§ To do
Go to the line below containing "Derived from flax" and print exactly from there through the line containing "Women's Skinny Ripped Cuffed Boyfriend Jeans", both included. Print nothing else.

§ Material to process
○ ○ ○ ○

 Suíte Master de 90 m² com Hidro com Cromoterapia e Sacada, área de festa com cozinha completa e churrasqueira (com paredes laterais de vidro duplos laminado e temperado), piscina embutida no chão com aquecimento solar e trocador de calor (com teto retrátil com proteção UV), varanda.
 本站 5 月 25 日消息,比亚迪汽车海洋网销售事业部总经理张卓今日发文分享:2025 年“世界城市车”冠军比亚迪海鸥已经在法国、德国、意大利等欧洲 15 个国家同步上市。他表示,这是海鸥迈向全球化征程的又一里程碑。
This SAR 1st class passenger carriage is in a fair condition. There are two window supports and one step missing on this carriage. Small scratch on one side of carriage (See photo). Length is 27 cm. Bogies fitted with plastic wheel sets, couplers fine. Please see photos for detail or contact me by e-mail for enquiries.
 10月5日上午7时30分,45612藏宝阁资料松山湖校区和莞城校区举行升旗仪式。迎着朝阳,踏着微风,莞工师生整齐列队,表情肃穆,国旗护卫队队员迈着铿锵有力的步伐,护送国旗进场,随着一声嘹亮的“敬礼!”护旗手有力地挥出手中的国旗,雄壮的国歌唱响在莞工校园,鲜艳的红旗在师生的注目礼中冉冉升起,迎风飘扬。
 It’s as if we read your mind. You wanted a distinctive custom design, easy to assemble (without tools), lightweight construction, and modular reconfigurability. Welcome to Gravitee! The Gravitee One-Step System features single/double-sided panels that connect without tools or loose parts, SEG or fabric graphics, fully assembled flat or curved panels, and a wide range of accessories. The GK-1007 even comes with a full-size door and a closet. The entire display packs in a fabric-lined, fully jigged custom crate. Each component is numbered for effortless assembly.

○ ○ ○ ○

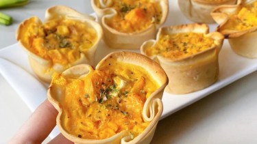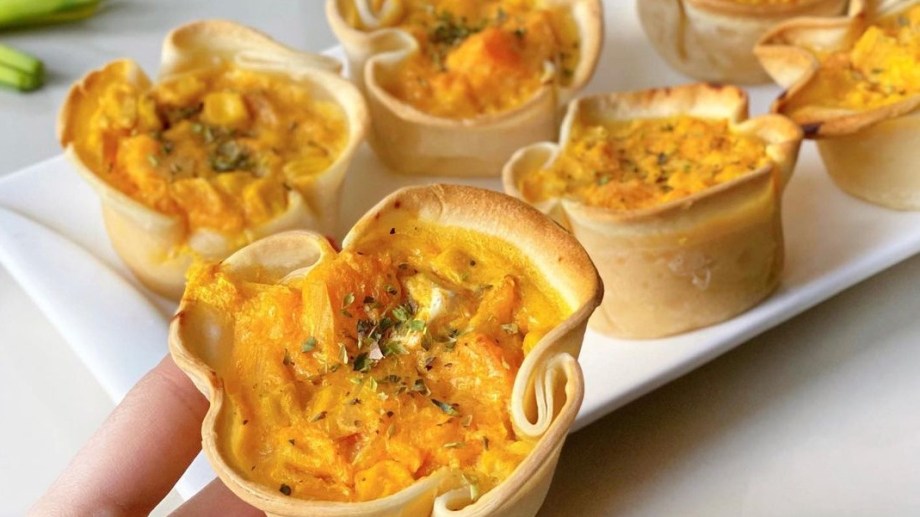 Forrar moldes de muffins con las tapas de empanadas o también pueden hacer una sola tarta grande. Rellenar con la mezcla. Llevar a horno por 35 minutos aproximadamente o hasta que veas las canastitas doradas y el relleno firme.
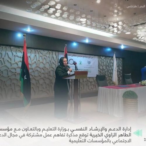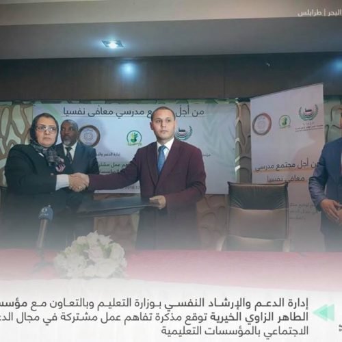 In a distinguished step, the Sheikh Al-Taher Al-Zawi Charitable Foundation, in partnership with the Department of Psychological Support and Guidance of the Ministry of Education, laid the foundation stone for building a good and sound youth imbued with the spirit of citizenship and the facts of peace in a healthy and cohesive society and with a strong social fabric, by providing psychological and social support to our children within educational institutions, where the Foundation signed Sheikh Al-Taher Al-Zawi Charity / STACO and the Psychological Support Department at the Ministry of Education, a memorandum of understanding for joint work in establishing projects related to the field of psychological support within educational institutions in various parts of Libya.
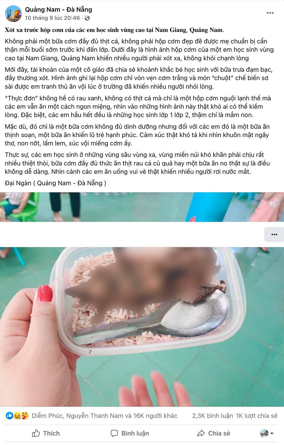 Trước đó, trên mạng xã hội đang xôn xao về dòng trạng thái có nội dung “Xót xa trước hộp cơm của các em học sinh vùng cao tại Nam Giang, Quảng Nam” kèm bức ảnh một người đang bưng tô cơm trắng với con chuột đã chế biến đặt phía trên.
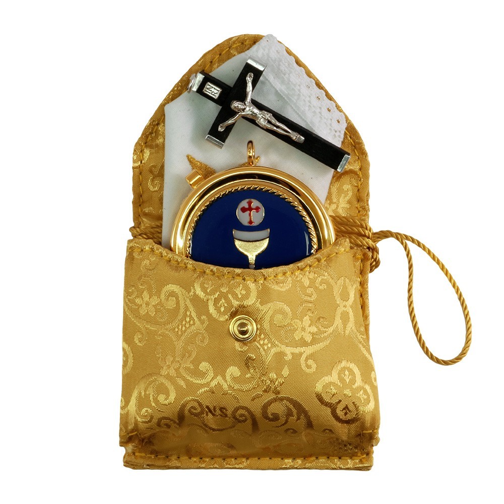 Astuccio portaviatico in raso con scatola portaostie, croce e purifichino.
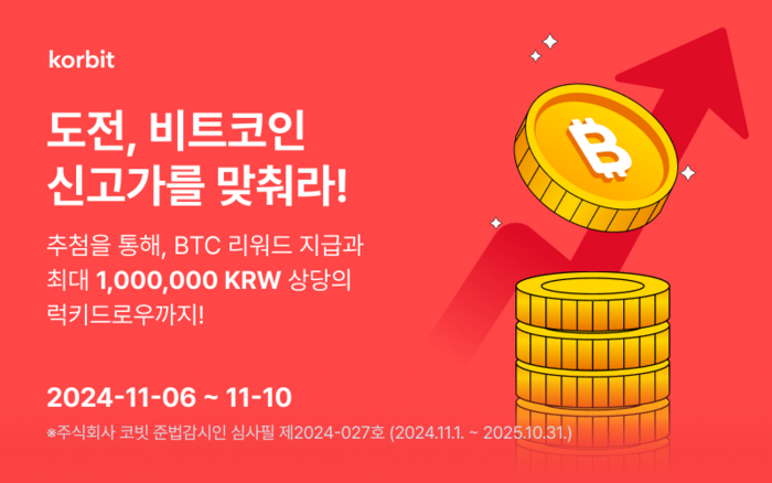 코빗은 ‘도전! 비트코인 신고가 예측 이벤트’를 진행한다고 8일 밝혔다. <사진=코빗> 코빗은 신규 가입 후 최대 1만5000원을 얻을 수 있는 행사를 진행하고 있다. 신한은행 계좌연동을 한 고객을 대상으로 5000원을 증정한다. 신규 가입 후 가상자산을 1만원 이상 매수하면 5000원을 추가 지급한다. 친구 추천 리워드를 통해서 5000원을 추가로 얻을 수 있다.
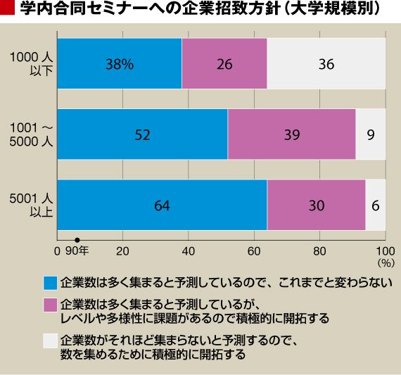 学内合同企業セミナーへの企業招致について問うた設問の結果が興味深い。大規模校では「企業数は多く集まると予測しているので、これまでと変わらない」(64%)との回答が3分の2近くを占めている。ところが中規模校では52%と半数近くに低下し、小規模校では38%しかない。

○ ○ ○ ○

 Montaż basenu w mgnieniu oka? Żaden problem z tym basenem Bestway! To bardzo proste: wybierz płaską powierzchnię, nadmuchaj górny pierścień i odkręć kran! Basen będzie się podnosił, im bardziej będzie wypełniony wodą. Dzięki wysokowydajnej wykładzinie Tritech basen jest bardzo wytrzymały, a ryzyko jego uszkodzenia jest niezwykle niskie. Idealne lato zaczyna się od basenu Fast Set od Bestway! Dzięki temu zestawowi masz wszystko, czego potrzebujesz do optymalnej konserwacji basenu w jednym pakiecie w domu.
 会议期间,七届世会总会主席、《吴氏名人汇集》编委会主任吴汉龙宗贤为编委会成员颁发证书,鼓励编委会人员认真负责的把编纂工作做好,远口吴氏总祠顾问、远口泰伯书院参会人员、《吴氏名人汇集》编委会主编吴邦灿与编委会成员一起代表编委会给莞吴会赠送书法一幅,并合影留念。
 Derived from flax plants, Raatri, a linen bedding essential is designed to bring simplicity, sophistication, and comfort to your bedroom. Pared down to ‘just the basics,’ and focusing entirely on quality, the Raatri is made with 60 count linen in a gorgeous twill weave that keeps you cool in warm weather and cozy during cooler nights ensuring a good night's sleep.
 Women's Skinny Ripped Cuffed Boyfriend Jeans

○ ○ ○ ○

§ Exercise solution
 Derived from flax plants, Raatri, a linen bedding essential is designed to bring simplicity, sophistication, and comfort to your bedroom. Pared down to ‘just the basics,’ and focusing entirely on quality, the Raatri is made with 60 count linen in a gorgeous twill weave that keeps you cool in warm weather and cozy during cooler nights ensuring a good night's sleep.
 Women's Skinny Ripped Cuffed Boyfriend Jeans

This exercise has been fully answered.